▸ Information supplied:
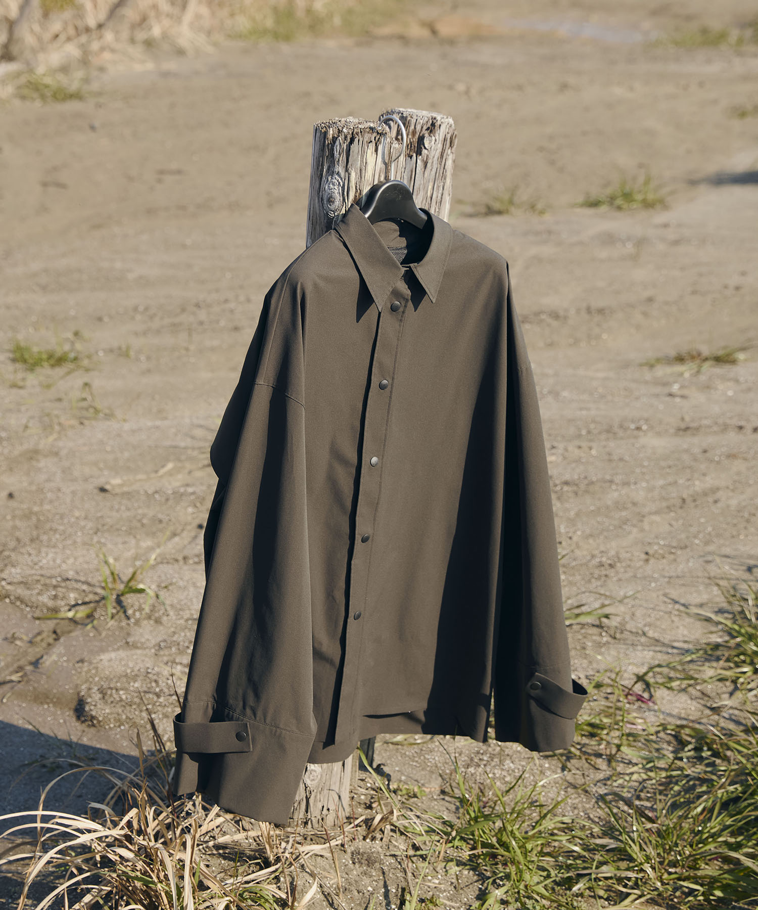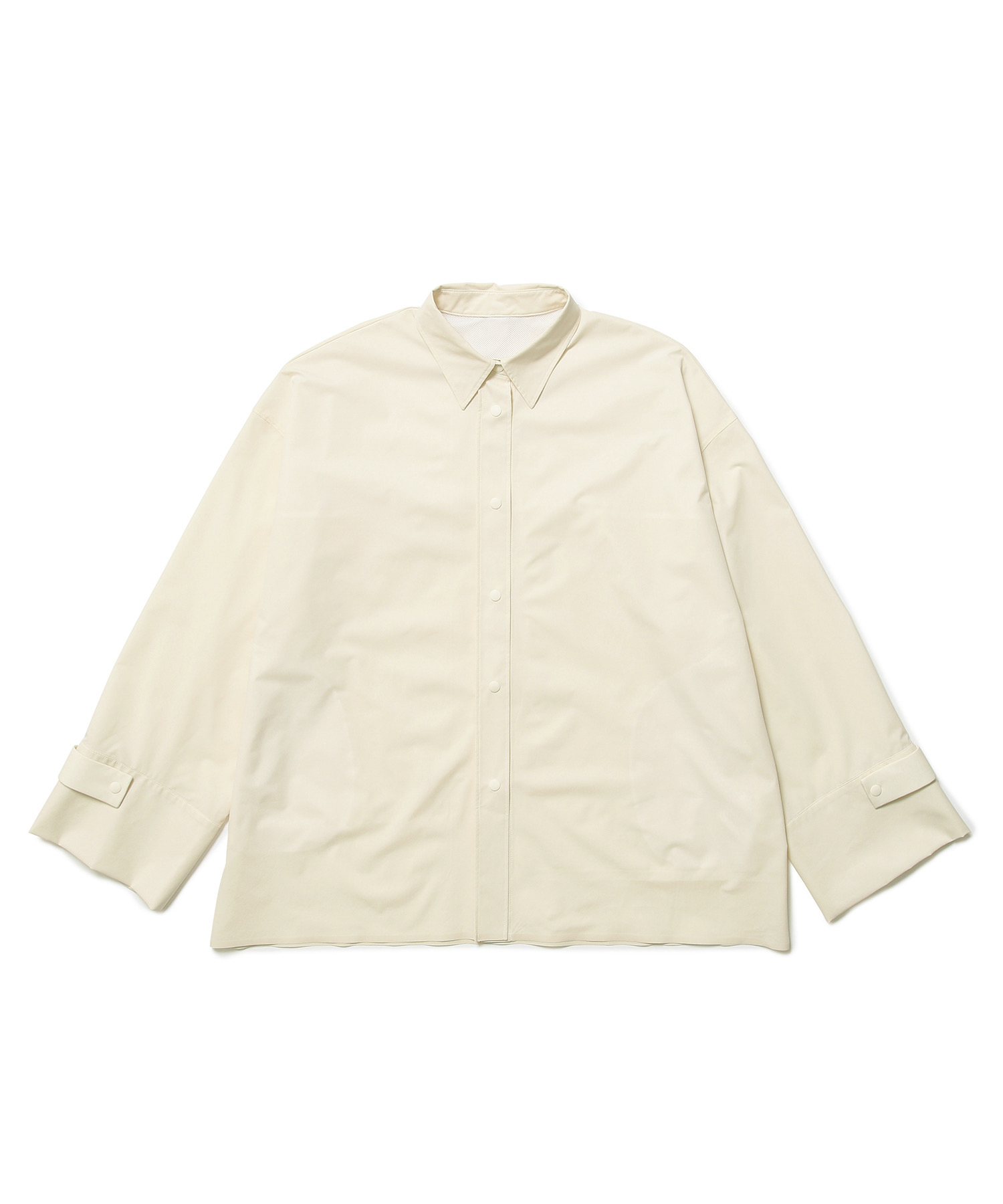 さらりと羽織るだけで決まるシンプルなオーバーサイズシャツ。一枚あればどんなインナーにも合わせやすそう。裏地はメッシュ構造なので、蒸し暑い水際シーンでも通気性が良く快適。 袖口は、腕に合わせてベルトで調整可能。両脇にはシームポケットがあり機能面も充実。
--
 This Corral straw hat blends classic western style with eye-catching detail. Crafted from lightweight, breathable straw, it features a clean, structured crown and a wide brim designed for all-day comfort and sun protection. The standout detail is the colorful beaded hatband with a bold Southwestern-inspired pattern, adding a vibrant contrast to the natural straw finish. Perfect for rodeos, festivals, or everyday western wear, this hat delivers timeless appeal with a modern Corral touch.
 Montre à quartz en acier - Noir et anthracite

▸ What you will do:
Taking the lines above, repeat exactly those from the line that contains "This Corral straw" through the line that contains "Montre à quartz", and both of those lines as well. Include nothing else.

▸ Worked solution:
 This Corral straw hat blends classic western style with eye-catching detail. Crafted from lightweight, breathable straw, it features a clean, structured crown and a wide brim designed for all-day comfort and sun protection. The standout detail is the colorful beaded hatband with a bold Southwestern-inspired pattern, adding a vibrant contrast to the natural straw finish. Perfect for rodeos, festivals, or everyday western wear, this hat delivers timeless appeal with a modern Corral touch.
 Montre à quartz en acier - Noir et anthracite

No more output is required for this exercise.